[Records excerpted from a collection]

* * * * * * * * *

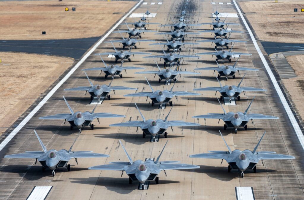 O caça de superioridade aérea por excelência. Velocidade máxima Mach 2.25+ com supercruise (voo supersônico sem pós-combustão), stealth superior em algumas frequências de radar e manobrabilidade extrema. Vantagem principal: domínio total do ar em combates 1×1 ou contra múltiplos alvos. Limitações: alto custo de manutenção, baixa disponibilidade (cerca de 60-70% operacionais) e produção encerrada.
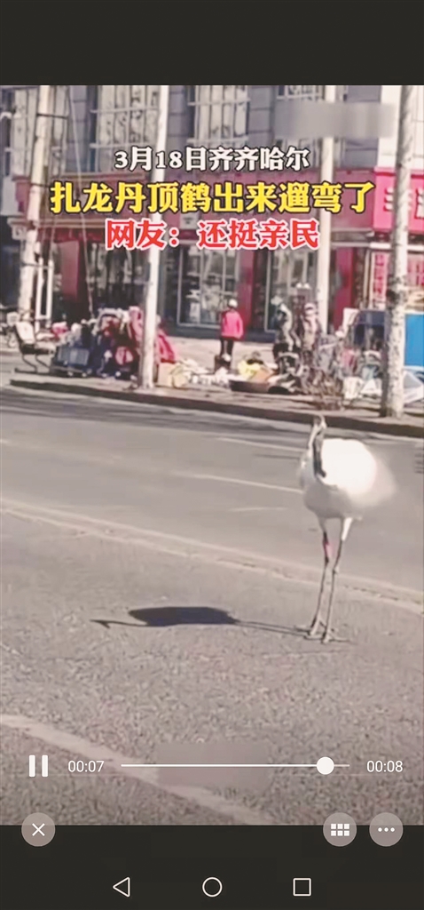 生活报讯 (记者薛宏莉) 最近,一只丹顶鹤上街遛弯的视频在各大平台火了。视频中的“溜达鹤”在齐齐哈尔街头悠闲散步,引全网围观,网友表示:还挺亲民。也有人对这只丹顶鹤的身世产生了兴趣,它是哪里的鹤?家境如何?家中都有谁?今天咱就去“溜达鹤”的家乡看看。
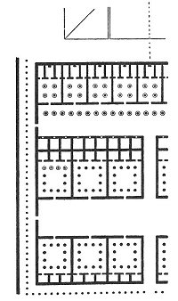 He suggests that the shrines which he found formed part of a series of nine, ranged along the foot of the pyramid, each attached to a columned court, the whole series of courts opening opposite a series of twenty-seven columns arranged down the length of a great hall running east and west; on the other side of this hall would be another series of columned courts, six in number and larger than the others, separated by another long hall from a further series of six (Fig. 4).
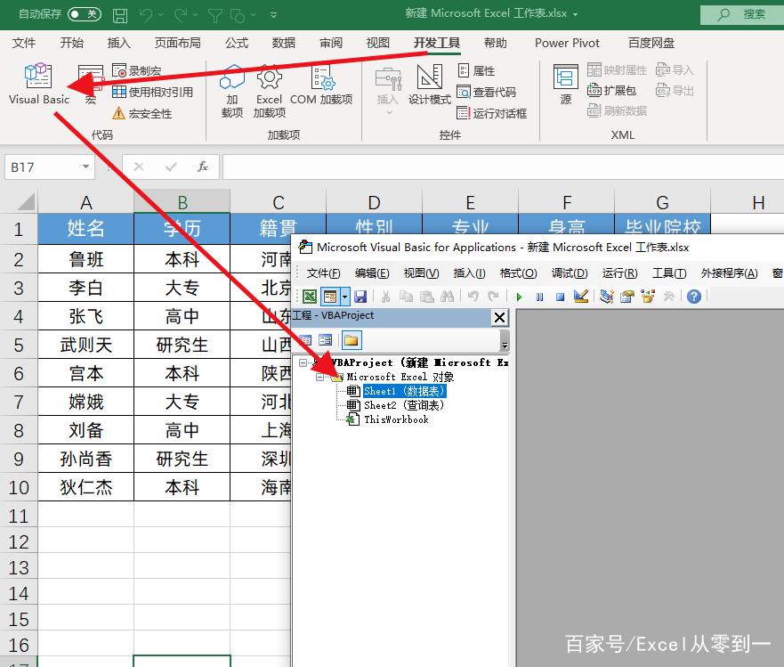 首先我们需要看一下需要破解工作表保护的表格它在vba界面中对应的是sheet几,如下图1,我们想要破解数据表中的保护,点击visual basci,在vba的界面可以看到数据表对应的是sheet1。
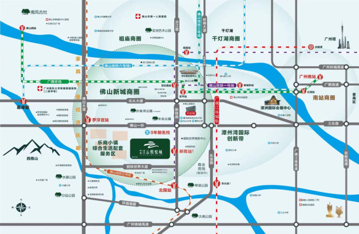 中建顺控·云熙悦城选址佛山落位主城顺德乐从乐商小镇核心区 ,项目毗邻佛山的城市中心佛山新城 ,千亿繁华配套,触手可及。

* * * * * * * * *

_Work task_. Return every entry of the data above verbatim, with no images included.

_Answer for the task_.
 O caça de superioridade aérea por excelência. Velocidade máxima Mach 2.25+ com supercruise (voo supersônico sem pós-combustão), stealth superior em algumas frequências de radar e manobrabilidade extrema. Vantagem principal: domínio total do ar em combates 1×1 ou contra múltiplos alvos. Limitações: alto custo de manutenção, baixa disponibilidade (cerca de 60-70% operacionais) e produção encerrada.
 生活报讯 (记者薛宏莉) 最近,一只丹顶鹤上街遛弯的视频在各大平台火了。视频中的“溜达鹤”在齐齐哈尔街头悠闲散步,引全网围观,网友表示:还挺亲民。也有人对这只丹顶鹤的身世产生了兴趣,它是哪里的鹤?家境如何?家中都有谁?今天咱就去“溜达鹤”的家乡看看。
 He suggests that the shrines which he found formed part of a series of nine, ranged along the foot of the pyramid, each attached to a columned court, the whole series of courts opening opposite a series of twenty-seven columns arranged down the length of a great hall running east and west; on the other side of this hall would be another series of columned courts, six in number and larger than the others, separated by another long hall from a further series of six (Fig. 4).
 首先我们需要看一下需要破解工作表保护的表格它在vba界面中对应的是sheet几,如下图1,我们想要破解数据表中的保护,点击visual basci,在vba的界面可以看到数据表对应的是sheet1。
 中建顺控·云熙悦城选址佛山落位主城顺德乐从乐商小镇核心区 ,项目毗邻佛山的城市中心佛山新城 ,千亿繁华配套,触手可及。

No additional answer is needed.